● **Work instruction**
Please set down only the lines below starting with the line with "Voor Málaga leek" and going on through the line with "OutKast- stankonia brand", verbatim and without pictures.

-- Data listing follows --

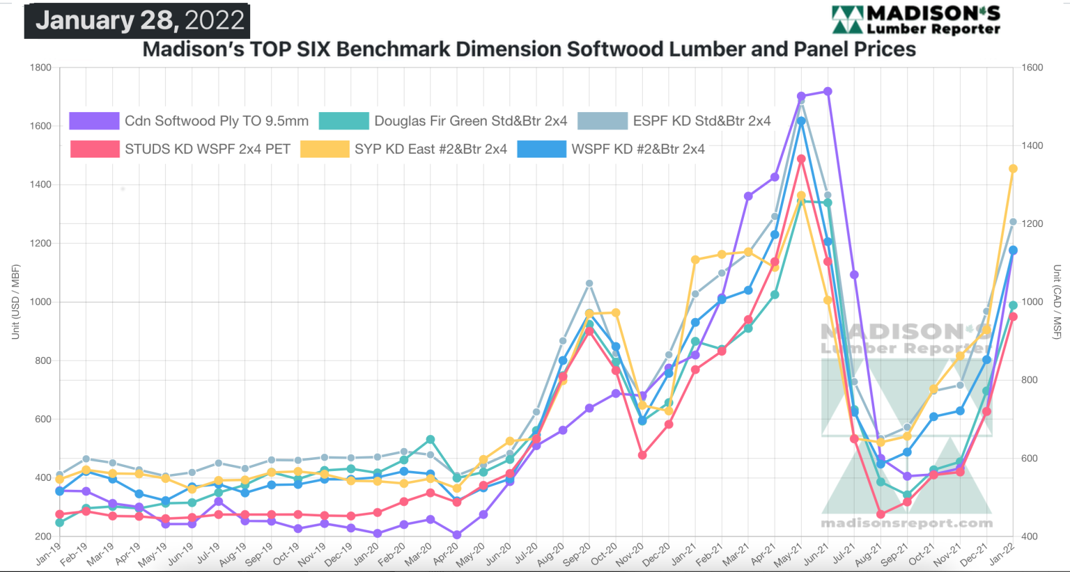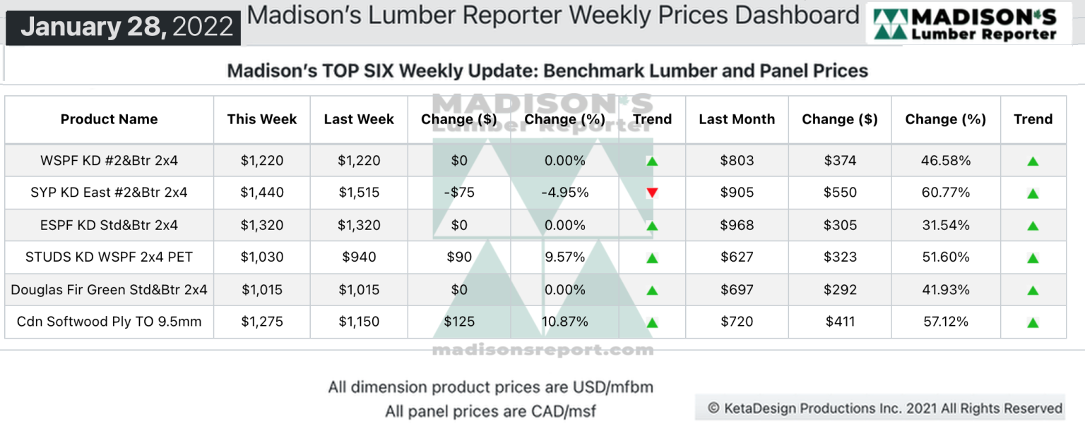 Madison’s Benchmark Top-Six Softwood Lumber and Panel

-- Data listing concluded --
-- Data listing follows --

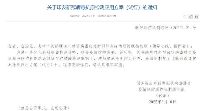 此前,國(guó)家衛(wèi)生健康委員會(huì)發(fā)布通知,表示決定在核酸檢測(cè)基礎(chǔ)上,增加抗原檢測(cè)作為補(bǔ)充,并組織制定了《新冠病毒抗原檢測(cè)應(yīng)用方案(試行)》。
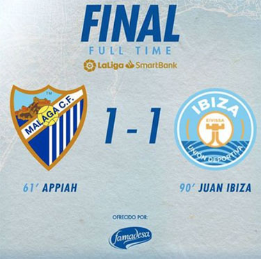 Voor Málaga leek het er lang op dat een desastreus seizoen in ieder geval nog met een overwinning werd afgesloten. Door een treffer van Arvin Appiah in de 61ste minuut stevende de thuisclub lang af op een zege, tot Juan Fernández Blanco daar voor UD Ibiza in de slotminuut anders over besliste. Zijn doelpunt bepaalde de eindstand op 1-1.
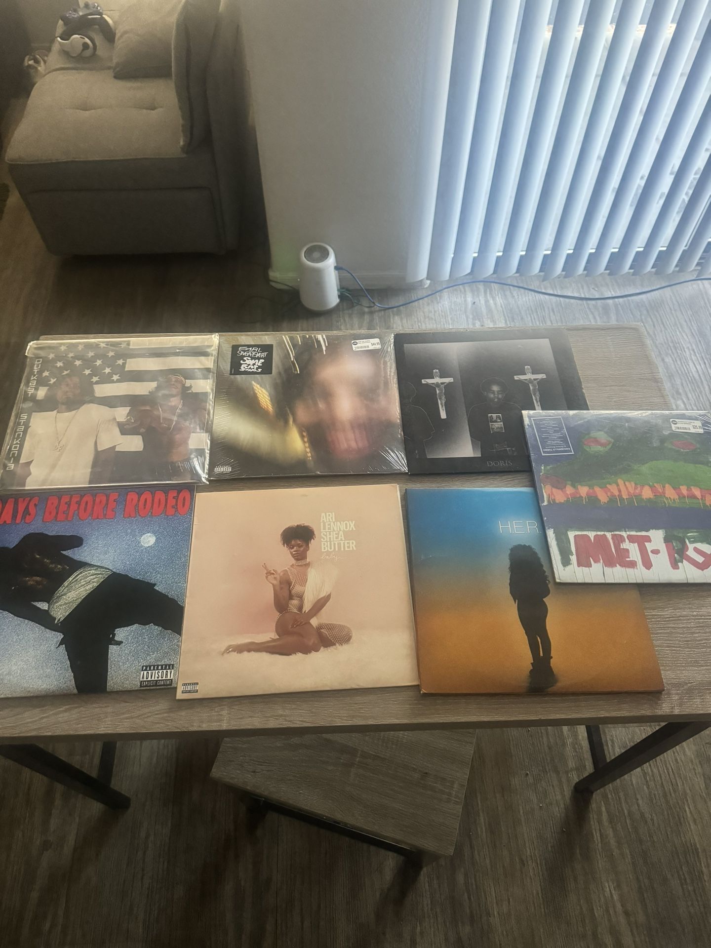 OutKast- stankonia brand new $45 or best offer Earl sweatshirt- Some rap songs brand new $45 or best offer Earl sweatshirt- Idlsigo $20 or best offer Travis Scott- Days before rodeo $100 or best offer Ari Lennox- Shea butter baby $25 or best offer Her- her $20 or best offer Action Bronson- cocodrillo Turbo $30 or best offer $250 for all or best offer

-- Data listing concluded --

● **Exercise result**
 Voor Málaga leek het er lang op dat een desastreus seizoen in ieder geval nog met een overwinning werd afgesloten. Door een treffer van Arvin Appiah in de 61ste minuut stevende de thuisclub lang af op een zege, tot Juan Fernández Blanco daar voor UD Ibiza in de slotminuut anders over besliste. Zijn doelpunt bepaalde de eindstand op 1-1.
 OutKast- stankonia brand new $45 or best offer Earl sweatshirt- Some rap songs brand new $45 or best offer Earl sweatshirt- Idlsigo $20 or best offer Travis Scott- Days before rodeo $100 or best offer Ari Lennox- Shea butter baby $25 or best offer Her- her $20 or best offer Action Bronson- cocodrillo Turbo $30 or best offer $250 for all or best offer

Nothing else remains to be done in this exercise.